IoT in the agriculture supply chain
IoT is not restricted to on-farm interventions but also plays a pivotal role in monitoring activities at various touch points during the journey of the crop from farm to consumer. Whether in tracking vehicles, as part of harvest planning, or in regulating the conditions of cold storage along the way, IoT can transform the digital experience of the entire supply chain. IoT could be integrated at various levels within sugar PRIDEs in which mKRISHI® has been deployed for harvest management to transform and digitize the operations of the enterprises concerned.
The 4 ‘A’s Decision Support Model
TCS’ DFI group’s services and products have helped develop an application for managing large-scale farms. The goal was to define a decision support system for the whole farm so that field-level management and resources could be optimized, while factoring in farmer-level constraints.

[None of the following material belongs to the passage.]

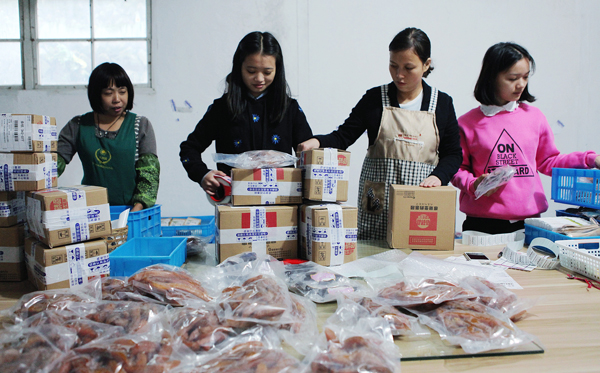 “双十一”网络购物节即将到来,我县网商们也都积极备好足够的货源,迎接“双十一”。图为金山林海特产店的员工们在备货。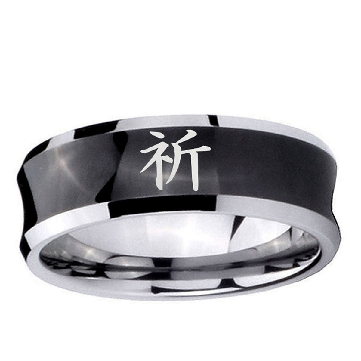 Celebrate with the 10mm Kanji Prayer Concave Black Tungsten Carbide Wedding Band Mens. This concave black tungsten ring with Kanji Prayer design is perfect for weddings.

The platform supports aggregation of structured and unstructured data and has a complete data management module, predictive and big data analytics modules, smart push notifications, and support for intelligent information gateways. The application provides the following key services:
• Acquisition based on IoT, UAVs, remote sensing, images, and voice
• Analysis through machine learning algorithms, data analytics, and real-time data processing
• Advisory via direct in-field and supply chain operations, based on intelligence gathered through data analytics
• Actuation of various types of in-field machinery, based on data analytics intelligence
A cognitive IoT framework
To address the varied IoT application requirements within the DFI group, we have developed a comprehensive solution stack that extends from the cloud to silicon-inthe-field. The group has deployed a flexible IoT adaptor on the cloud, as part of a precision agriculture solution that can acquire data from a variety of sensing sources. For the Edge, the Group has developed a configurable gateway middleware that runs on COTS-embedded boards to collect and process data locally from sensor clusters and receive commands from the cloud for actuation.

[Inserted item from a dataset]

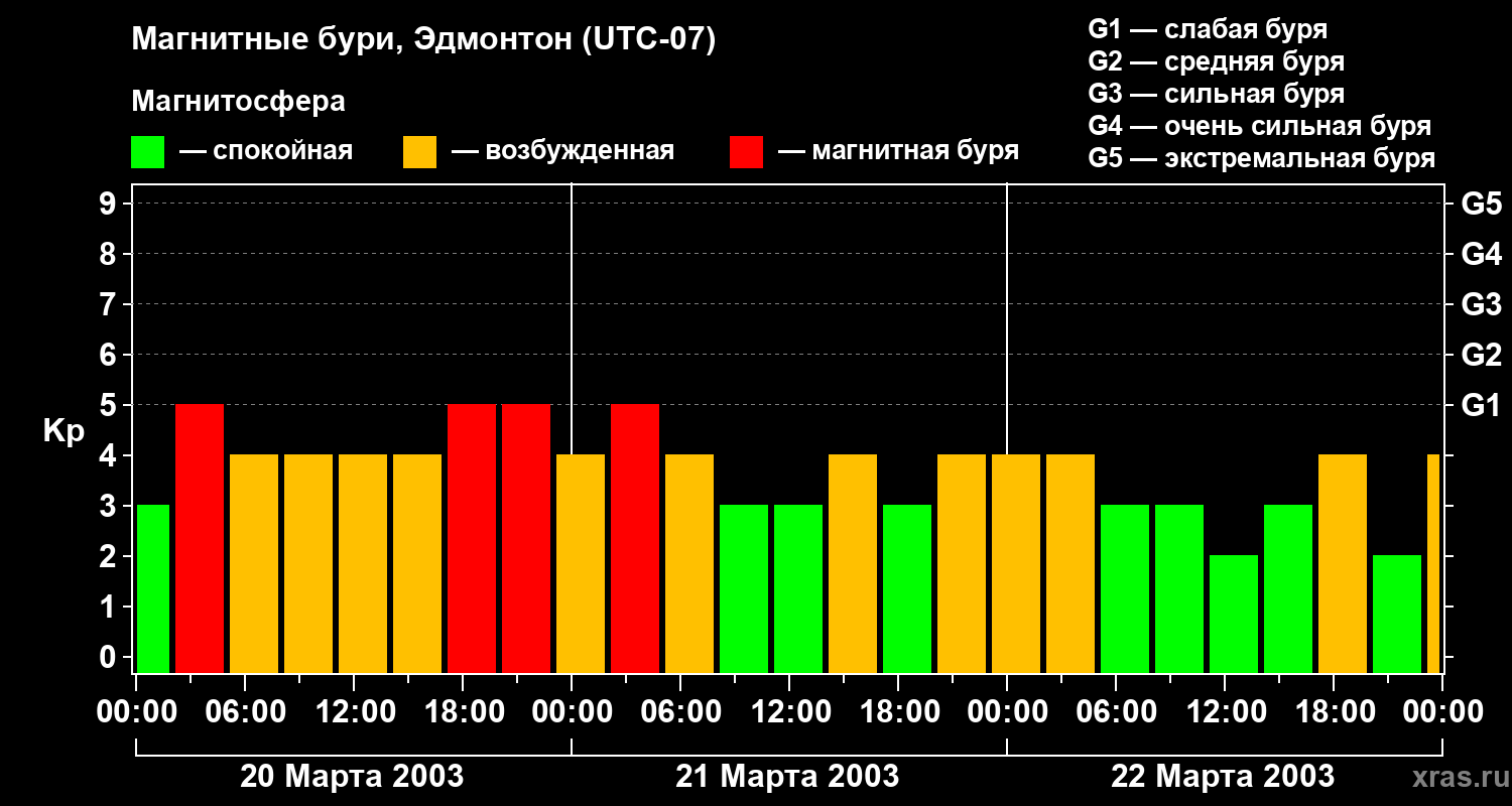 Магнитные бури в Эдмонтоне — 22 марта 2003 года

The gateway talks to devices on the local network through Zigbee, Wi-Fi, and other protocols. The gateway layer also includes the smartphone, which acts as a mobile gateway for low-cost portable sensing at scale. As evident from the applications discussed earlier, many contextual aspects come into the picture when we bring an IoT intervention to meet a given challenge in agriculture. These analytical solutions are translated into cognitive elements that empower our IoT stack, both on the cloud and the Edge, to improve the quality of our offerings.